When the org.osgi.framework.security property is set to "osgi",
Felix will install the standard SecurityManager. If a security manager
is already installed and this property is set, Felix will throw an
exception on startup.

The standard J2SE security manager has historically been missing a
couple of extra checks that can control the creation of threads.

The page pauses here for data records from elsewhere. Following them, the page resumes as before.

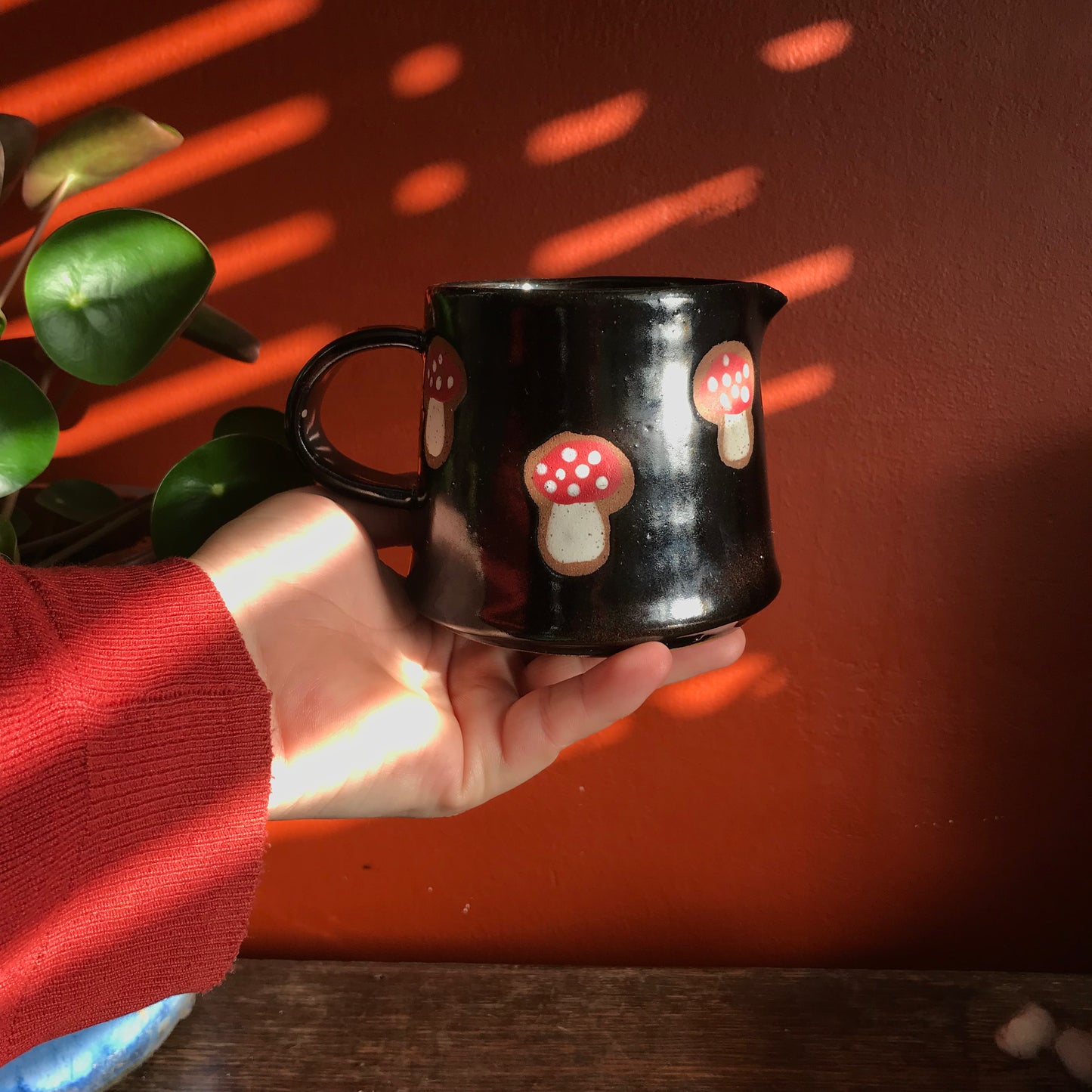 Stoneware jug with Fly Alargic mushroom design and scalloped edge detailing. Perfect for gravy, custard, milk or any of your other favourite sauces.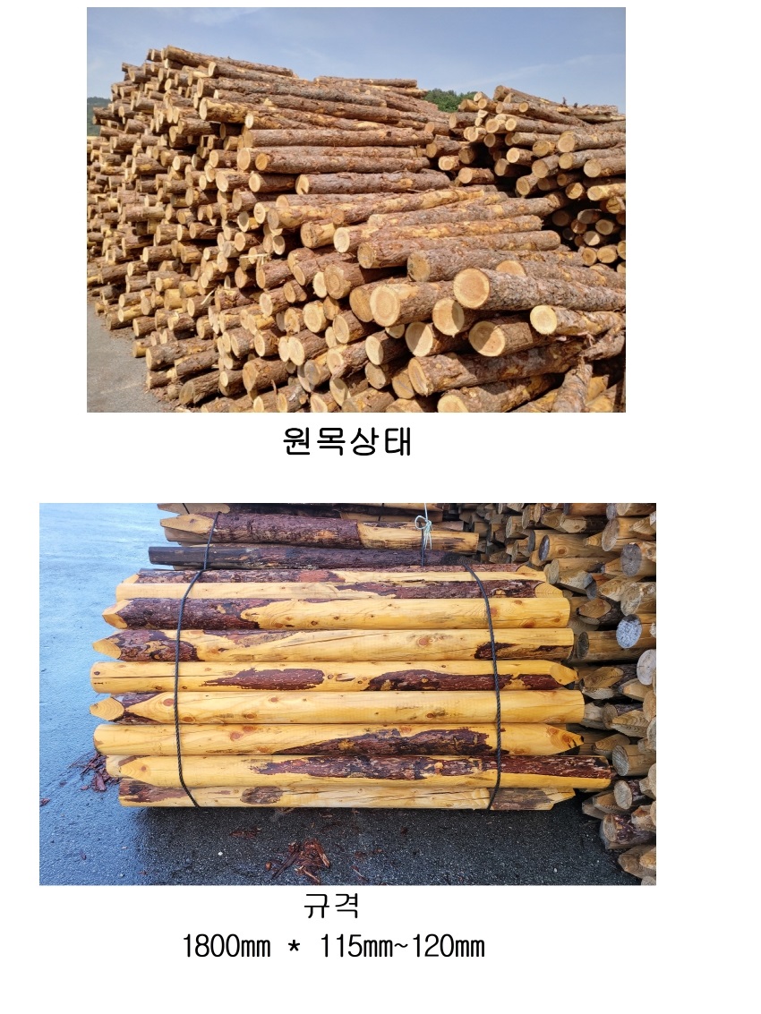 말목의 포에 들어가는 부분은 둥글게 깎여있어 하자율이 거의 없습니다. 1800㎜(전체 길이) * 115㎜~120㎜(지름) 동부목재건재종합상사 전남 고흥군 동강면 고흥로 4658 (장덕리 694번지) 061)833-6188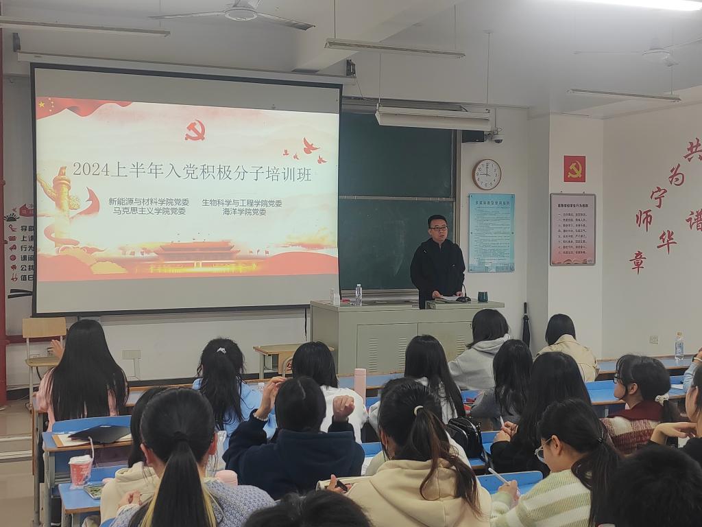 为深入学习贯彻习近平新时代中国特色社会主义思想和二十大精神,切实做好入党积极分子培养教育工作,进一步加强入党积极分子对党的全面认识,指引入党积极分子增强党性认识、提高党性修养,蓄好党员队伍“源头活水”。开元集团网站、新能源与材料学院、马克思主义学院、生物科学与工程学院四院于2024323日上午在求实楼C201开展2024年上半年入党积极分子四院联合培训班的开班以及“学习党章 践行党章”第一次专题辅导报告。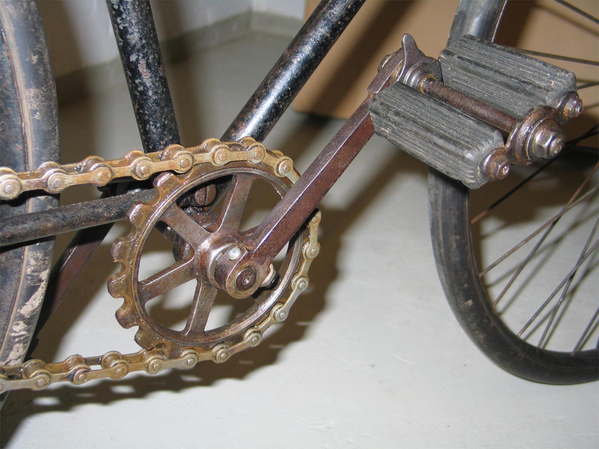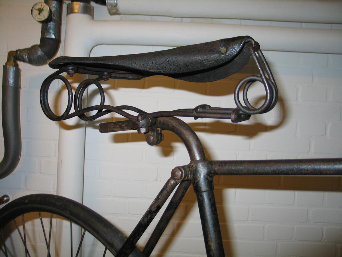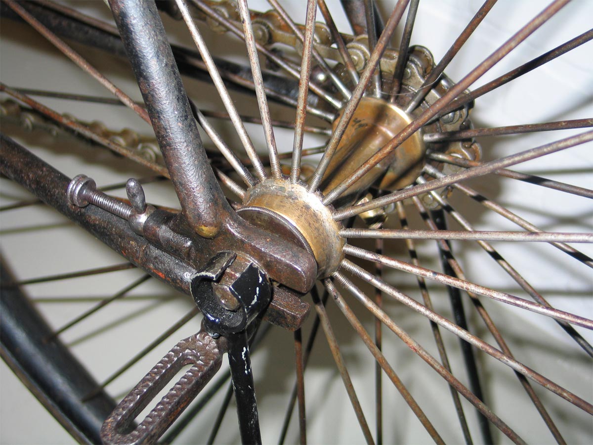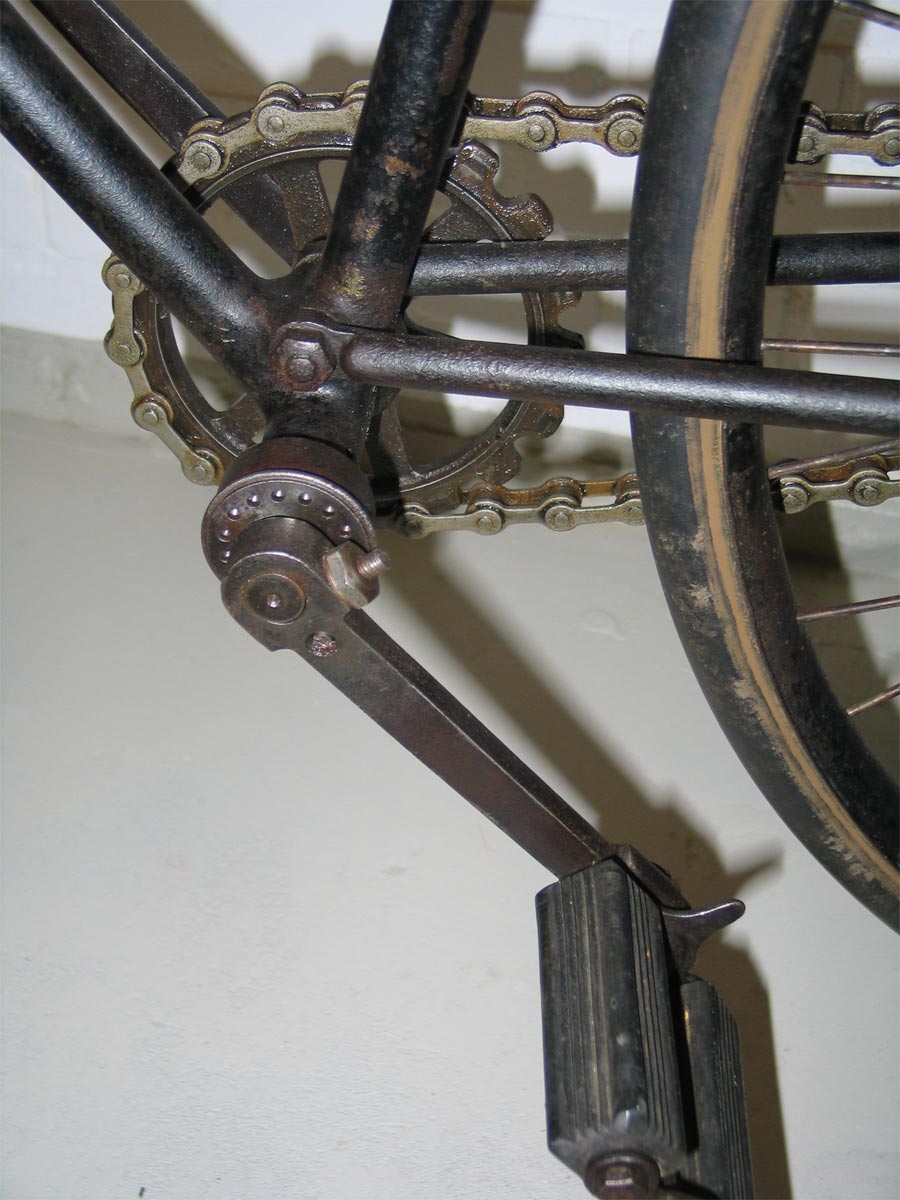 But the strange mount of the bracket is visible, as well as (an indication of) the typical chain tensioners on this bike. The chain is French (Marque deposee) and the saddle has the marque L'ONFRAY of LONFRAY, which sounds French as well....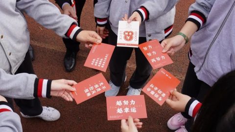 学校领导和九年级备考团队赠送给每位中考学子“私人定制”的祝福卡片。“越努力,越幸运”、“努力努力再努力”、“无惧险阻,无畏风雨”……一张张卡片象征着全体领导、全体老师、全体家长给九年级学子们的鼓励,只有不懈的努力和拼搏的汗水才是通往成功的唯一捷径。同学们收到领导和老师们亲笔签名的卡片,脸上洋溢着自信的笑容!

An
updated security manager that adds in these missing checks is trivial:

public final class ExtraSecurityManager extends SecurityManager
{
  ExtraSecurityManager()
  {

  }

  @Override public void checkAccess(
    final @Nullable Thread t)
  {
    this.checkPermission(new RuntimePermission("modifyThread"));
  }

  @Override public void checkAccess(
    final @Nullable ThreadGroup g)
  {
    this.checkPermission(new RuntimePermission("modifyThreadGroup"));
  }
}

With the above, code needs the given RuntimePermission values to
create or stop threads.

However... If an application installs an instance of
ExtraSecurityManager before starting Felix, an exception will be thrown
as mentioned above. This can be worked around by simply _not_ setting
the org.osgi.framework.security property. Are there any other
consequences for not setting this property? Is there a better way to
tell Felix that we want a custom security manager?